Clustering Algorithms (Unsupervised Learning)
Clustering techniques can group attributes into a few similar segments where data within each group is similar to each other and distinctive across groups. It is an unsupervised learning process finding logical relationships and patterns from the structure of the data. It can be used for cases that involve:
- Discovering the underlying rules that collectively define a cluster (i.e. topic generation)
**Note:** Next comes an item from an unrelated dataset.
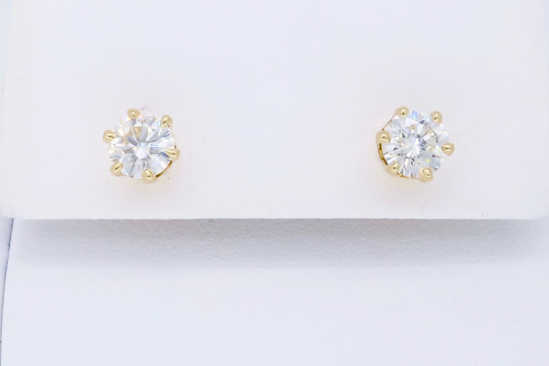 One 14KT Yellow Gold 1.00ctw Diamond Earrings. (2) Round Diamonds with a total weight of 1.00cts with a color of I-J and clarity of VS-2 to SI-1. Total weight of these earrings are 1.6 grams.
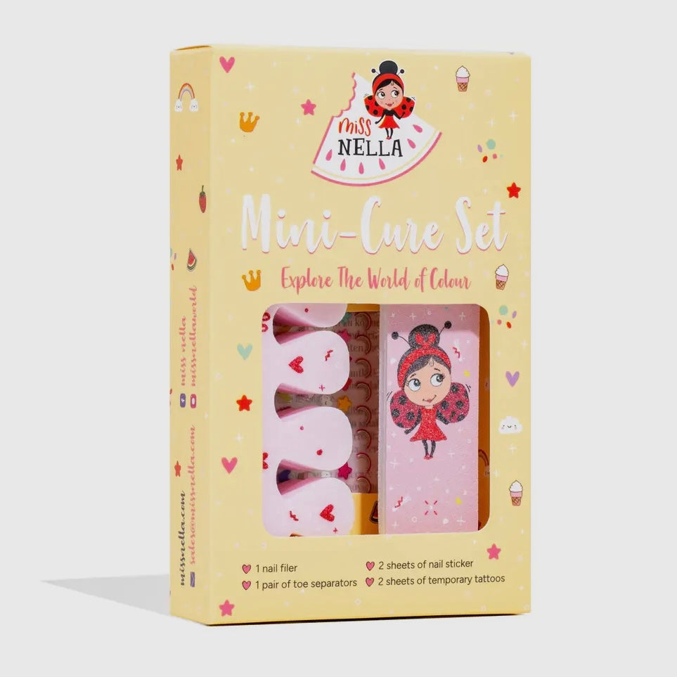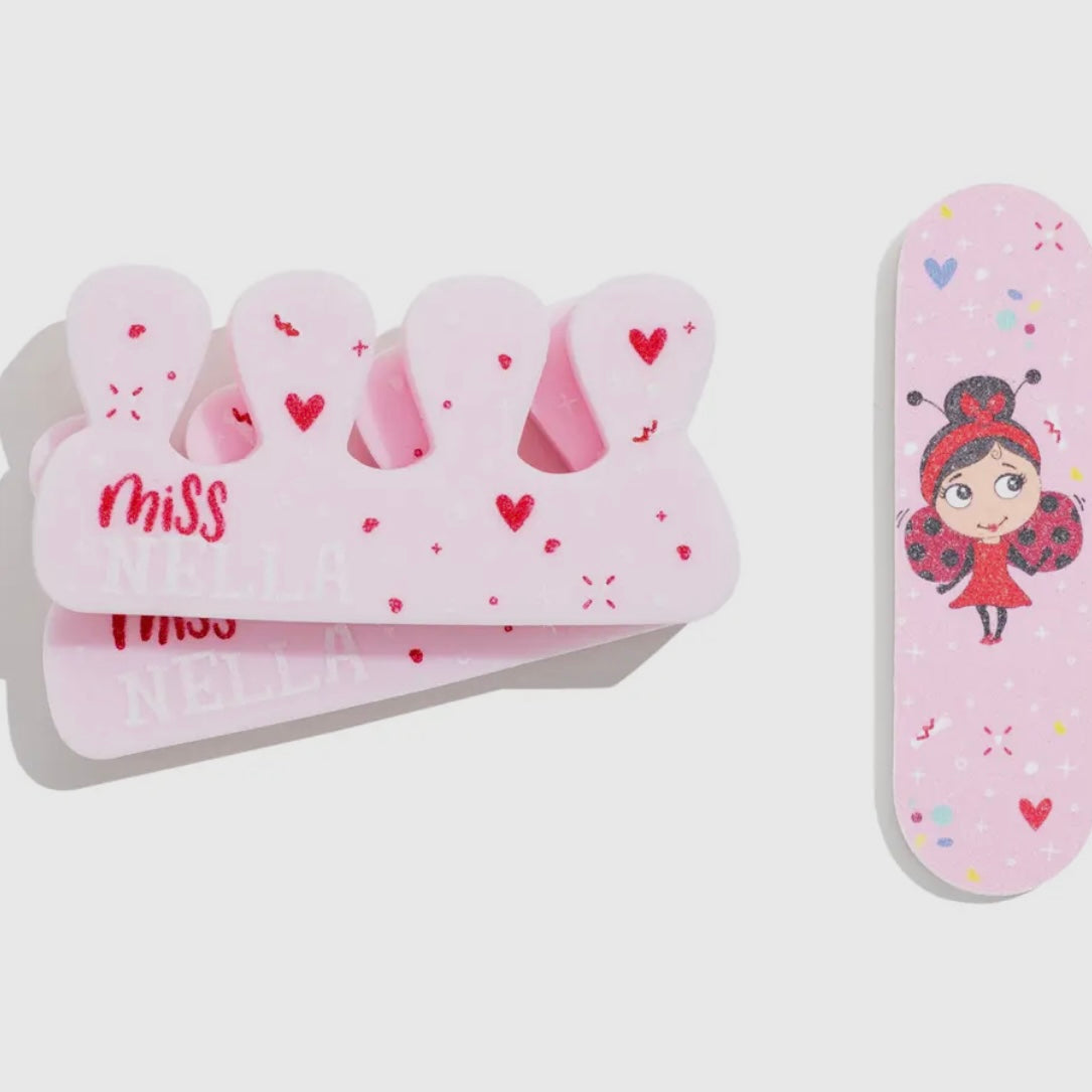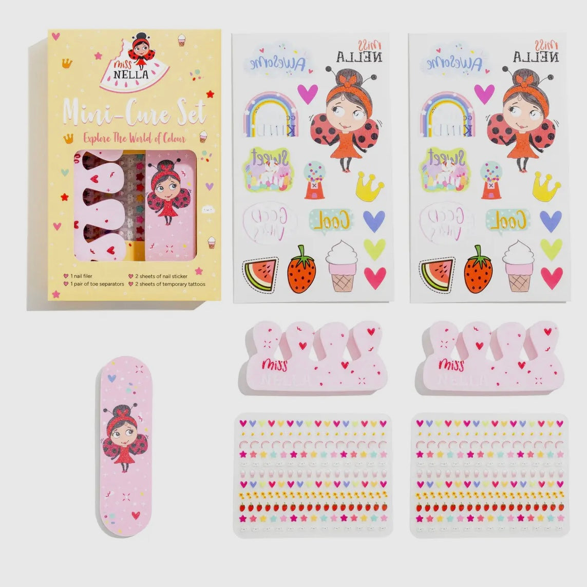 Miss Nella branded nails and accessories kit includes one nail filer, a pair of toe separators, two lots of fun nail stickers, and two sheets of temporary tattoos in assorting sizes.

- Partitioning (i.e. customer segmentation or market segmentation)
- Discovering the internal structure of the data (i.e. gene clustering)
Decision Trees (Supervised Learning: Classification)
Decision trees are widely used classifiers in enterprises/industries for their transparency on describing the rules that lead to a classification/prediction. They are arranged in a hierarchical tree-like structure and are simple to understand and interpret. They are not susceptible to outliers. Decision trees can be well-suited for cases in which we need the ability to explain the reason for a particular decision. For example, sales and marketing departments might need a complete description of rules that influence the acquisition of a customer before they start their campaign activities.
Linear Regression (Supervised Learning: Regression)
Linear regression is the oldest and most-used regression analysis. It is studied rigorously and used extensively in practical applications. Linear regression is an approach for deriving the relationship between a dependent variable (Y) and one or more independent/exploratory variables (X). With linear regression, this relationship can be used to predict an unknown Y from known Xs.
Linear regression has many functional use cases, but most applications fall into one of the following two broad categories:
- If the goal is a prediction or forecasting, it can be used to implement a predictive model to an observed data set of dependent (Y) and independent (X) values.
- Linear regression analysis can be applied to quantify the change in Y for a given value of X that assists in determining the strength of the relationship between dependent (Y) and independent (X) values.